The official said he would prefer Rubio, but that Cruz would be a good choice, too.

“Even if [businessman Donald] Trump wins, he’s better than a Democrat,” he added.

Still, the Likud official added, “the US chooses its leaders and we don’t, and we will be happy to work with whoever is elected.”

Likud isn’t the only right-wing Israeli party that seems to be in Rubio’s camp.

Jeremy Saltan, the Bayit Yehudi’s Anglo Forum chairman and a close political adviser to Education Minister Naftali Bennett, said he would consider Rubio “one of the top choices” in the US election.

“This is a candidate who says ‘Judea and Samaria’ instead of ‘West Bank,’ and recognizes that the capital of Israel is Jerusalem and that is where the US Embassy should stand,” Saltan said.

“The senator said that Israel is a priority to him and his pledge that Israel will be his first visit as president shows that.”

Saltan added: “Rubio’s strong national security policies are very close to the ideology of many Bayit Yehudi voters.”

Cruz, former Florida governor Jeb Bush and businessman Donald Trump also said they would move the US Embassy to Jerusalem if elected, though Trump would not commit to recognizing Jerusalem as the capital of Israel, a remark that earned him boos at last year’s Republican Jewish Coalition conference.

As for Republican voters living in Israel, Marc Zell does not speak for them all, but as co-chairman of Republicans Abroad Israel and Worldwide Vice President of Republicans Overseas, he has an influential voice and knows many like-minded voters.

Zell gave his personal endorsement – not that of either expat Republican organization – to Rubio earlier this year, and said that he noticed that many Israelis feel the same way.

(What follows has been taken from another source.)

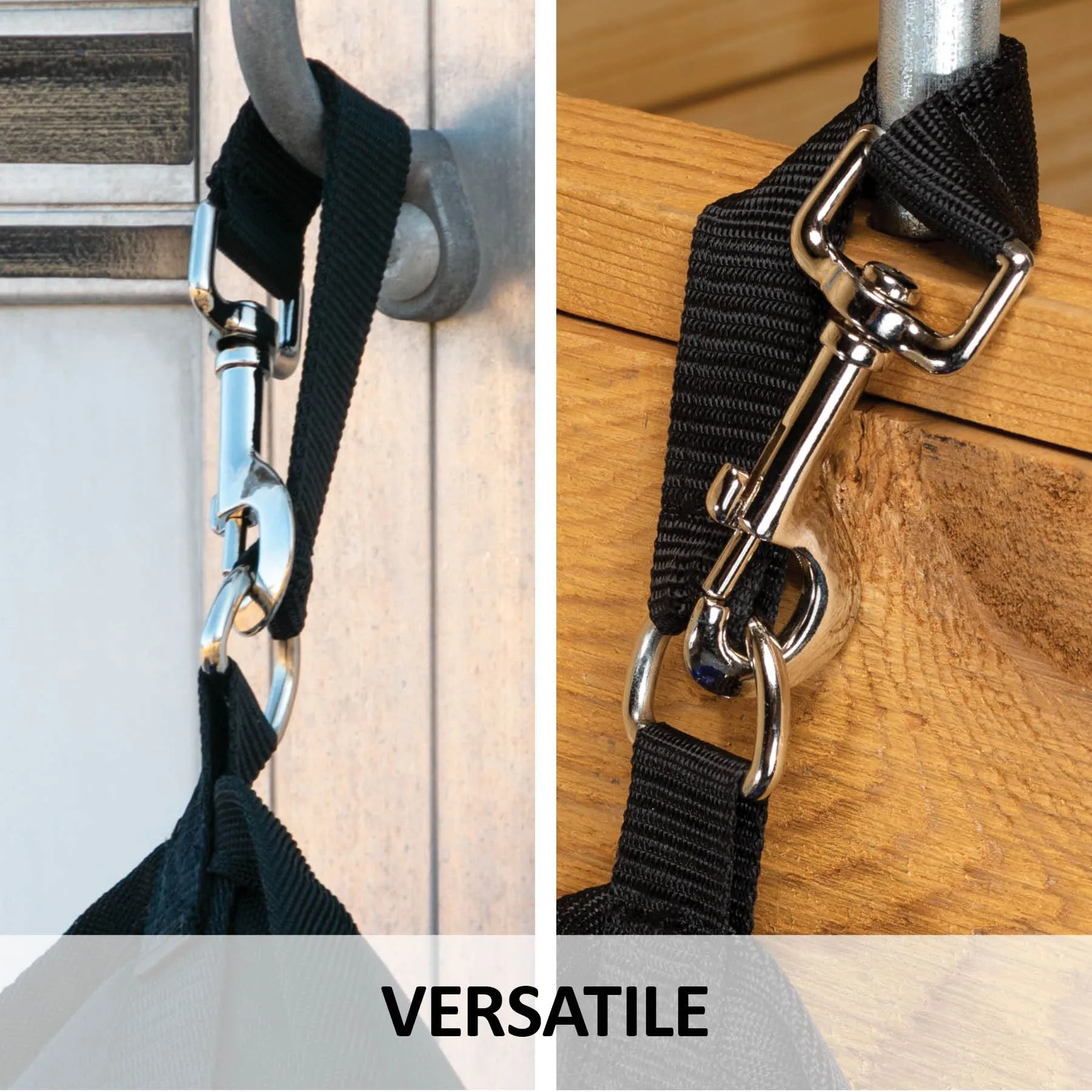 Holds the standard 20 Qt bucket conveniently at the side of your trailer and attaches easily around your steel tie mounts at the perfect height for your horse to eat or drink while tied. These are also great for horse shows, trail riding, and hanging a bucket without having bucket hangers or hooks available.

According to Zell, Rubio is popular among Israelis because he is “extremely knowledgeable about foreign policy. Of all the candidates in either party, he knows the most. His analysis of the situation in the Middle East is spot-on and I think Israelis – and they don’t have to be right-wing [in Israeli politics] – like Rubio because he is in favor of a strong US foreign policy, with an analytically sound basis for understanding the region.

“That’s really what people are attracted to,” he said.

Zell compared Rubio to president John F. Kennedy, as young and “attractive physically and in terms of the freshness of his views and very articulate,” but, referring to family values that Republicans are known to highlight, added: “I think he’s a lot more responsible than JFK, who was a womanizer and had moral problems that Rubio doesn’t have.”

Support for Israel is also an advantage Rubio has, Zell explained, saying that the Florida senator does not just talk about Israel, but has a “strategic appreciation for Israel’s role in the region, the alliance between the US and Israel, and the common values we share as democracies in the Judeo-Christian tradition.”

At the same time, Zell said the Republican Party on the whole is closely connected to Israel, “as opposed to the Democratic Party, which is moving to the extreme left.”

Asked why other leading candidates, like Trump and Cruz don’t seem to enjoy the same popularity in Israel, Zell said “they are very populist and demagogic, and Israelis and Jews generally react negatively to those kinds of public figures and personalities, with good reason. We’ve had experience with those types.”